Debbie was immersed into an oral program at home and once a week Debbie, at ten months of age, attended an auditory training program. With Joan’s professional training as a special education teacher, she knew, "Debbie was not dumb; she just had a problem hearing." Joan labeled everything in the house for Debbie. The furniture, doors, lights, toys, anything and everything was tagged with written words. At eighteen months old, Debbie attended a weekly oral program at both the Detroit Day School for the Deaf and Detroit Medical Rehabilitation Center.

With great joy, Joan told about the day her toddler responded to the word "BALL." Joan had said, “Debbie, go get your ball.” For the first time Debbie understood the motion or movement of a person’s mouth, their facial expression and body language all had meaning. Joan was pleased that Debbie was walking by age two. By age three Debbie attended all-day preschool. She did not learn any sign language in preschool. Joan remarked, "Some of the older kids signed a little. It was an oral program where Debbie was being taught to speak."

Debbie Wright as a kid.
Debbie Wright as a kid. (Source: Wright Family)

Debbie and her family broke ground for special education in the mainstream program and full-day kindergarten.
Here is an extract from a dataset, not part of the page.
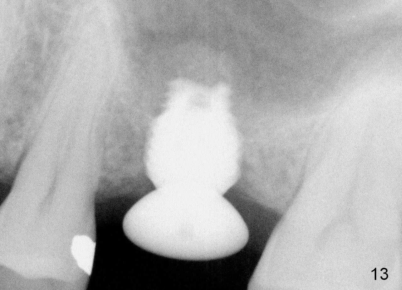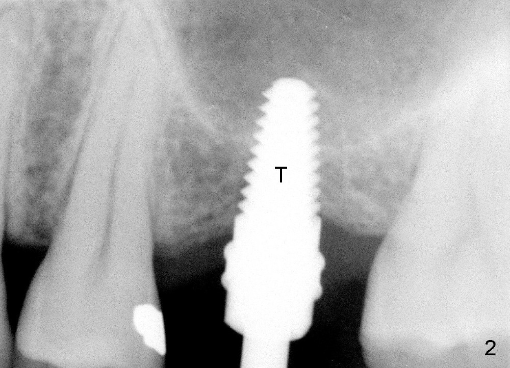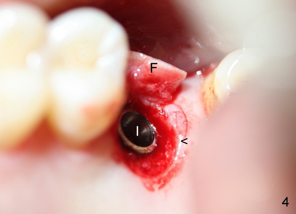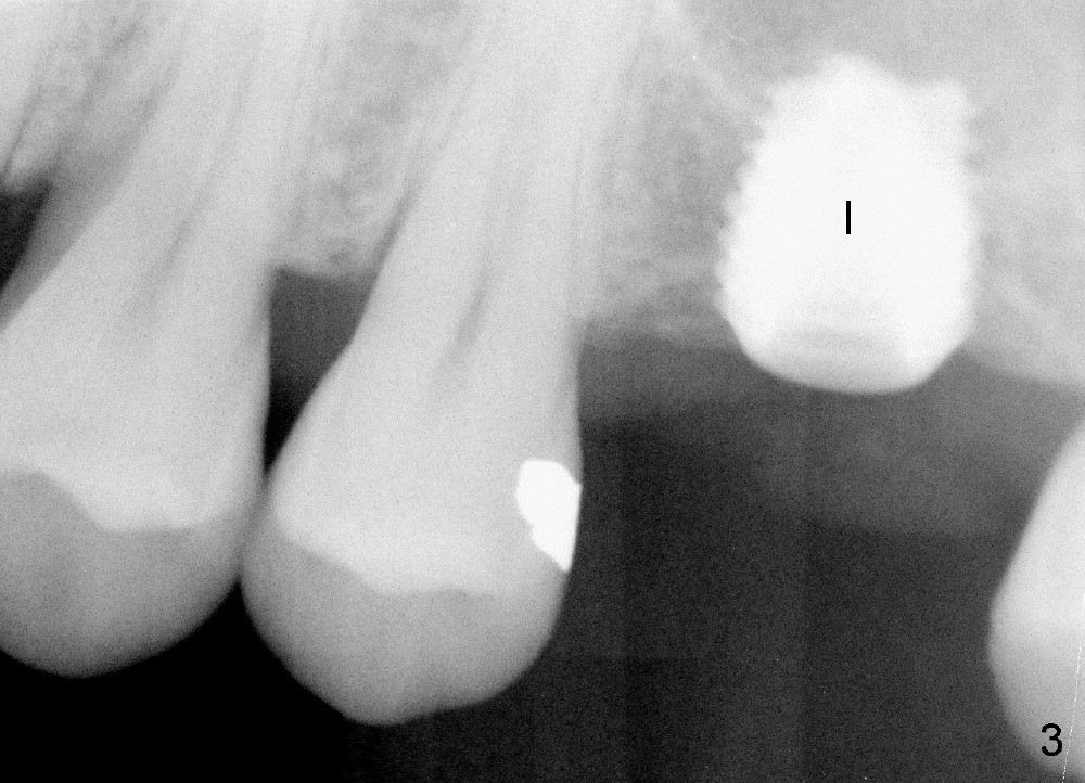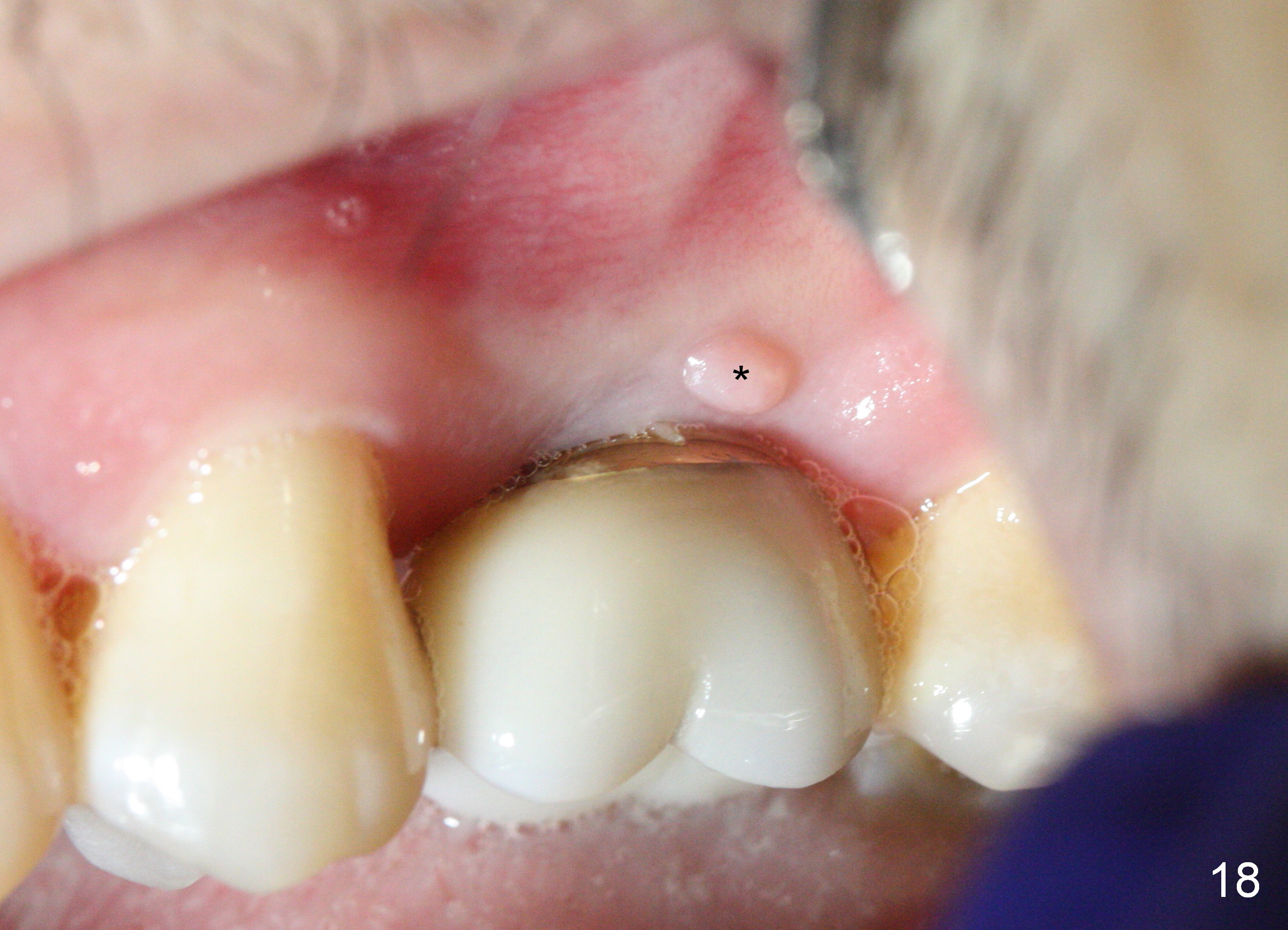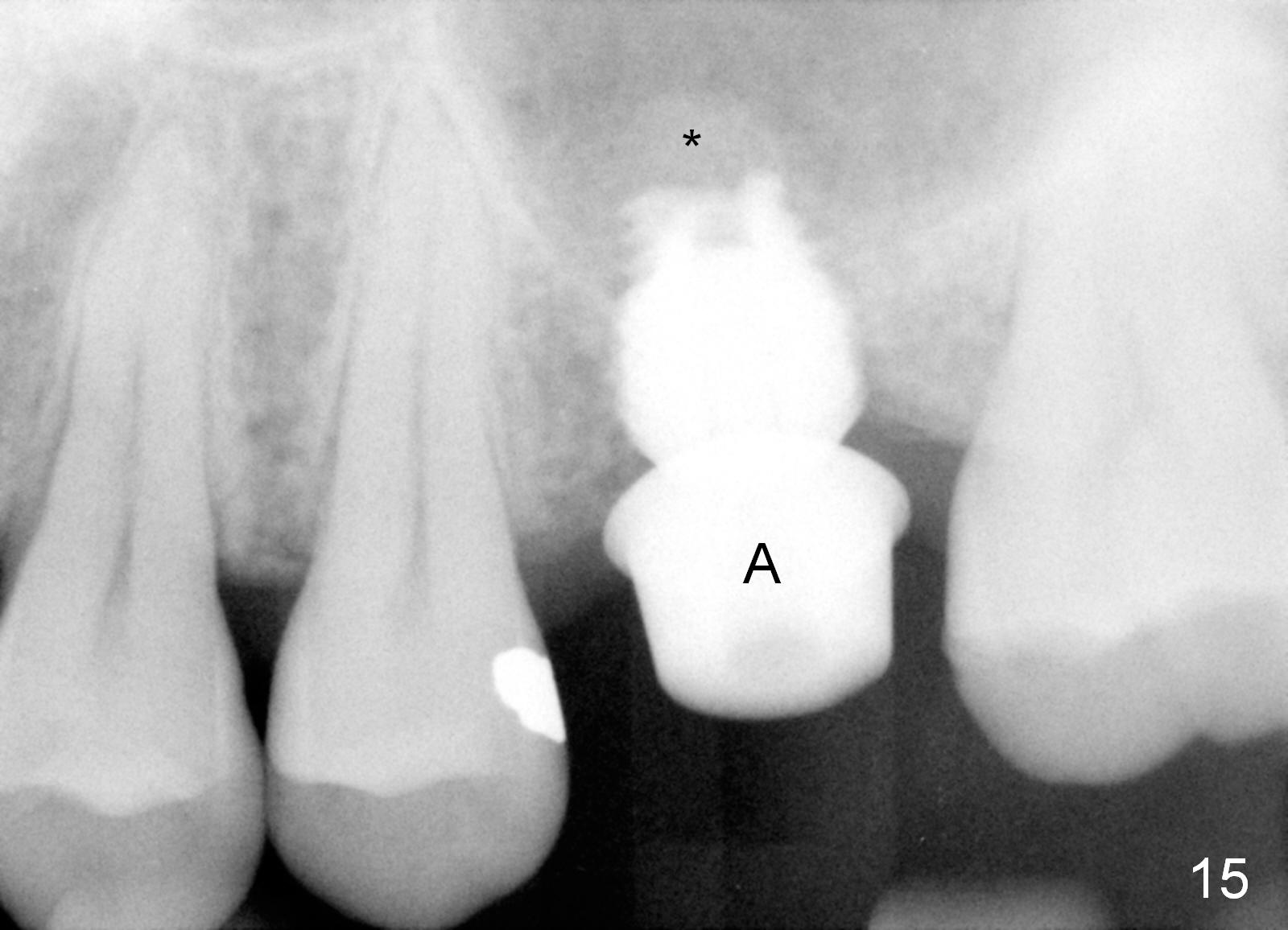 A 45-year-old man has lost the tooth #14 for a while (Fig.1); bone height is 5.4 mm. An extra wide and short implant is planned. Torus palatinus is large, suggesting that bone density should be high. A 6 mm tissue punch is chosen, but it is placed more palatal. If it were placed in the middle of the ridge, there would be no buccal keratinized gingiva (incision may avoid this issue). Additionally, the buccal portion of punch is made incomplete so that there is pedicle on the buccal side when the flap is raised (Fig.4,8: F). It is expected that the excess portion of keratinized tissue will form thick gingiva buccally. Osteotomy proves that bone is dense (Fig.2 (4.5x11 mm tap). Typical sinus lift is finished with placement of 6.4x6 mm (extra wide) bone-level implant (Fig.3, >55 Ncm). Following further torque, Fig.4 shows that the implant (I) is sub-gingival (<). Bitewings are taken to confirm that the implant plateau is at the crestal level (Fig.5,6 ^). PA shows sinus lift (Fig.7 *). The lingual aspect of the implant and healing abutment (H) is further bone grafted and covered by collagen dressing (Fig.8 *). The wound is protected with perio dressing. When the latter dislodges 7 days postop, the collagen dressing and bone graft are lost as well (Fig.10), while the buccal flap remains vital (Fig.9). The lingual exposed plateau should be able to heal normal. The collagen dressing should have been fixed in place by suture or as simple as a dental floss. There is mild nasal hemorrhage 1-2 days postop, possibly related to sinus membrane perforation and inability of Collagen Dressing to cover the perforation and contain the bone graft. When the patient returns for #9 implant placement in 3 weeks postop, the buccal flap reduces in size (Fig.11 *), while the palatal wound has healed with minimal exposure of the implant (Fig.12). Sinus graft remains in place 3 months postop (Fig.13); the buccal flap appears to have incorporated into a part of the gingiva (Fig.14). The bone density of the sinus lift appears to increase 10 days later when an abutment is placed (Fig.15 *). Although oral hygiene is pristine, there is apparent crestal bone resorption 12 months (Fig.16) and 20 months (Fig.17) post cementation, probably due to unfavorable crown/implant ratio and bruxism as well as pre-implantation bone loss (Fig.18,19). In contrast, an immediate implant in the same patient avoids pre- or post-implantation bone loss. In fact both the soft (Fig.20) and hard (Fig.21) tissues remain healthy 2 years 8 months post cementation. The sinus lift remains 3 years 8 months post cementation (Fig.22), while the crestal bone loss persists. The patients keeps complains of food impaction distal associated with bad smell 4 years 1 month post cementation. In fact the distal proximal contact is within normal limit. The bad smell is probably due to crestal bone loss (Fig.23 (pan), 24 (CT) *) and periimplantitis. Bone graft, PRF and Cytoplast membrane will be needed and fixed in place with long healing screw. When the patient returns for crown redo, he also reveals floss related gingival hemorrhage. There is pain associated with palatal sulcus probing with light gingiva erythema. Review of CT coronal section shows possible palatal (Fig.25 P) bone loss (*).

Debbie was mainstreamed before a structure for mainstreamed education was understood. Joan recalls Debbie’s kindergarten IQ tested at 145, she was a very bright child. Debbie attended Detroit Day School for the Deaf for morning kindergarten classes in an oral program. In the afternoon she went to a regular kindergarten classroom in the public Grosse Pointe Schools. There Debbie was included in class with the hearing world (this practice, when children with special needs are educated in regular classrooms, is called mainstreaming).

The U.S. Department of Education began to realize a shift in education for special needs children. Half-day kindergarten was the model of education until recent years, then full-day kindergarten had become the new standard. The Education for All Handicapped Children Act of 1975 passed when Debbie was six years old. Over the years more acts were passed to improve the education provided for children classified as handicapped. Today IDEA, Individuals with Disabilities Education Act 2004, is in place in our public school system.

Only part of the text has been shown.